Acute effects of an oral supplement of (-)-epicatechin on postprandial fat and carbohydrate metabolism in normal and overweight subjects

Abstract

Postprandial hyperglycemia, in particular when accompanied by excessive hypertriglyceridemia, is associated with increased cardiovascular risk, mainly in overweight or obese subjects, as it favors oxidative stress, systemic inflammation and endothelial dysfunction. Thus, treatments that favorably modulate metabolism by reducing steep increases in postprandial serum glucose and triglycerides, are of considerable interest. Evidence suggests that (-)-epicatechin (EPI) is responsible for reductions in cardiometabolic risk associated with chocolate consumption; these effects may be associated with favorable effects of EPI on postprandial metabolism. The aims of this study were to assess the effects of EPI on postprandial metabolism in normal-weight and overweight/obese subjects. Twenty adult volunteers (normal and overweight) underwent oral metabolic tolerance tests in the absence and presence of oral EPI (1 mg kg(-1)). Metabolic responses were examined using indirect calorimetry and determining blood glucose and triglycerides at 0, 2 and 4 hours after metabolic load ingestion. Results show that EPI increased postprandial lipid catabolism, as evidenced by a significant decrease in the respiratory quotient, which implies an increase in fat oxidation. The effect was associated with significantly lower postprandial plasma glucose and triglycerides concentrations. The effects were more prominent in overweight subjects.
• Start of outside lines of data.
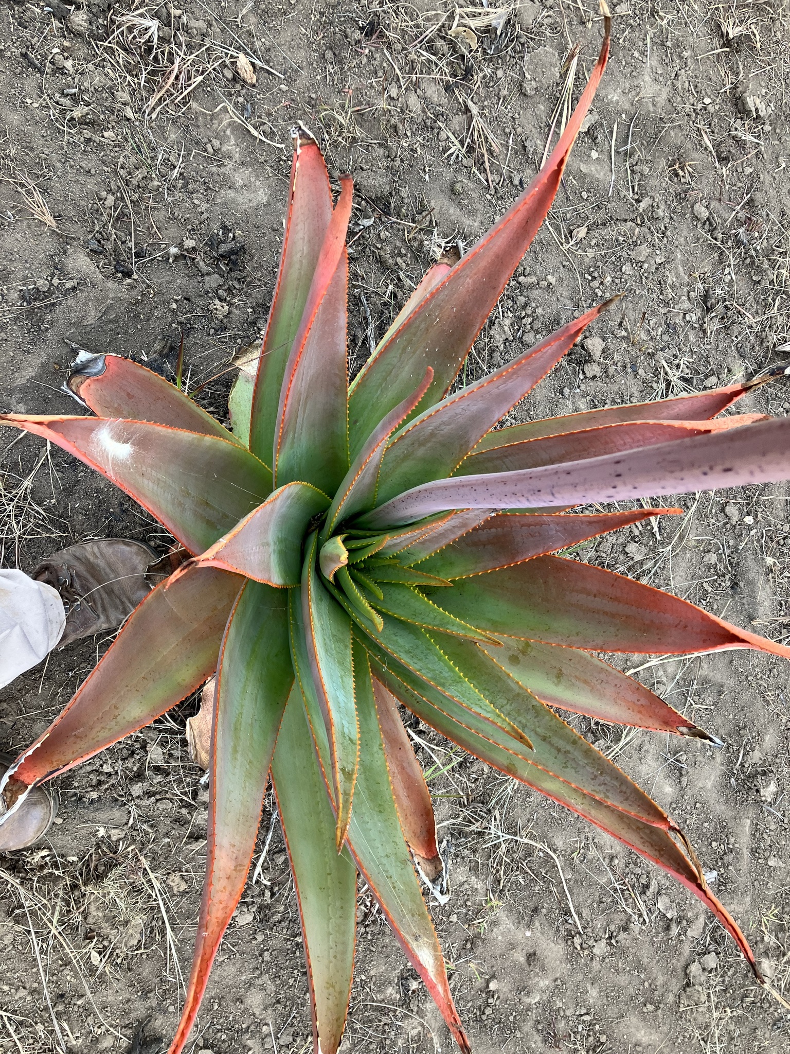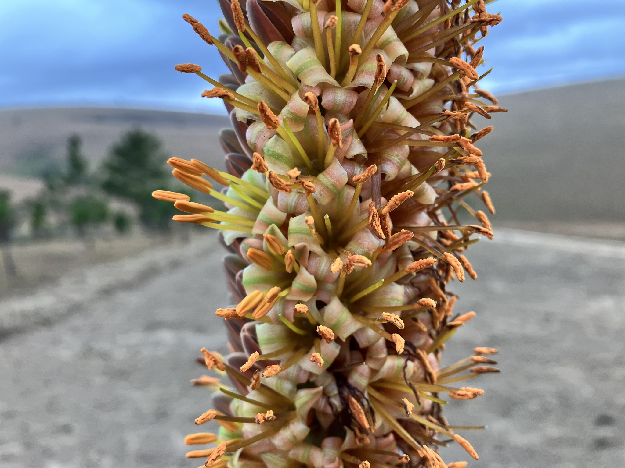 Aloe macroclada通常为无茎或极短茎的单生莲座状植物,成年植株高度约60-90厘米(2-3英尺),直径约60-90厘米(2-3英尺)。叶片约20-30片,宽阔肉质、蓝绿色至铜色调,长60-90厘米(2-3英尺),宽10-15厘米(4-6英寸),表面光滑蜡质,无斑点或偶有浅白色纹理;边缘有小而尖锐的棕色或红色牙齿,长约2-4毫米,间隔10-15毫米。叶片排列成密集莲座状,在干旱或强光下可能卷曲或呈红色调。叶汁干燥呈黄色。花序从叶丛中心伸出,高约60-100厘米,多分枝(可达5-10枝);总状花序圆柱形,长约20-30厘米(8-12英寸);花朵黄色,长约3-4厘米(1.2-1.6英寸),管状,密集排列。花期主要在南半球夏季(约12-2月)。果实为蒴果,长圆形,长约2厘米,直径1厘米;种子有翅。植株整体生长缓慢,长寿,变异性主要在叶色从蓝绿到铜红,取决于光照和水分。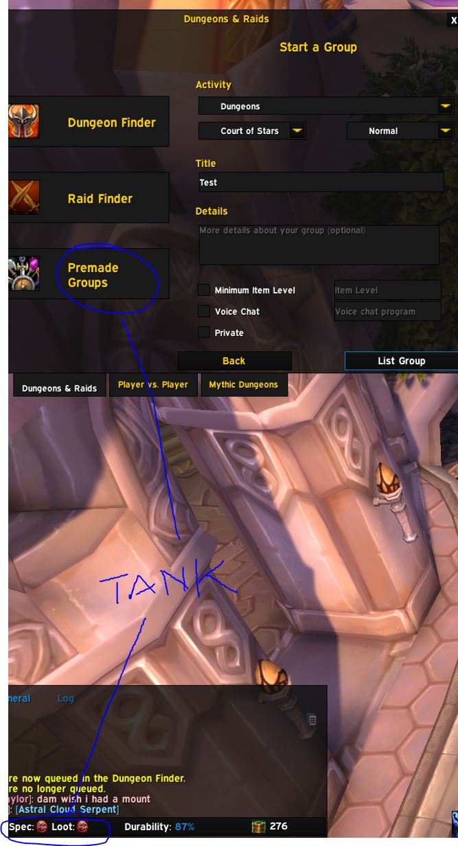 | Additional Information | Even Premade groups that I create cannot detect tank role. It puts as dps even though I'm Blood DK | ||||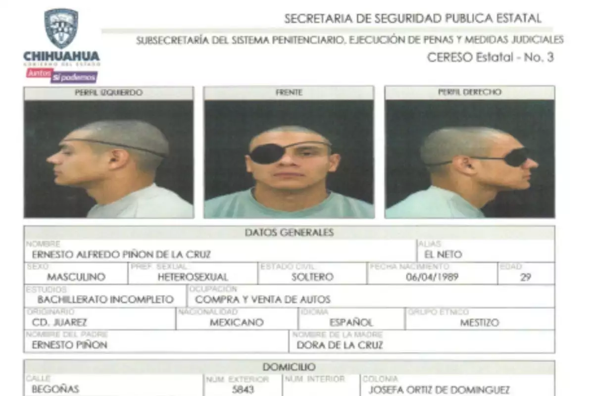 "El Neto" fue detenido en 2009 y desde esa fecha se encontraba recluido en el Centro Estatal de Reinserción Social número 3 (Cereso), de Ciudad Juárez. Está acusado de secuestro y homicidio, delitos por los cuales obtuvo una sentencia de 224 años de prisión.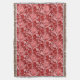 Throw blanket in a vintage William Morris damask pattern of artichoke plants and leaves, in deep red and white, against a dark Chinese red background, digitally enhanced and colored

In conclusion, EPI modulates postprandial metabolism by enhancing lipid oxidation accompanied by reductions in glycemia and triglyceridemia.

Figures

Figure 1

Respiratory coefficient chart and theoretical curve switch in metabolism meal ingestion. The respiratory coefficients usually vary from 1.0 (representing the value expected for pure carbohydrate oxidation) to ~0.7 (the value expected for pure fat oxidation).

Figure 2

Respiratory quotient values and estimated percent kilocalories obtained from fat oxidation in (A, C) normal (n=12) and (B, D) overweight (n=8) subjects, recorded at 0, 2 and 4 hours during the OMTT. Data are expressed as mean ± SD, p values by paired t-tests, where *p <0.05. As seen, the postprandial increase in RQ was significantly attenuated and lipid catabolism was enhanced by EPI in both groups.

Figure 3

Comparison of percent change in lipid oxidation, at 2 hours after meal ingestion (vs. fasting state) between (A) normal (n=12) and (B) overweight (n=8) subjects. Non-parametric analyses were performed to compare differences between means. Postprandial fat oxidation in overweight subjects decreased more than among the normal subjects in the absence of EPI. However, with EPI supplementation such decrease was blunted.

Figure 4

Comparison of lipid oxidation between normal and high body fat subjects, 2 hours after meal ingestion. Lipid oxidation was significantly increased in high body fat subjects. Data are expressed as mean ± SD, p values by paired t-tests.

Figure 5

Comparison of glycemia between normal and high adiposity subjects, 2 hours after meal ingestion. Glycemia was significantly attenuated in high adiposity subjects. Data are expressed as mean ± SD, p values by paired t-tests.

Figure 6

Comparison of triglyceridemia between normal and high body fat subjects, 2 hours after meal ingestion. Triglyceridemia was attenuated in high adiposity subjects. Data are expressed as mean ± SD, p values by paired t-tests.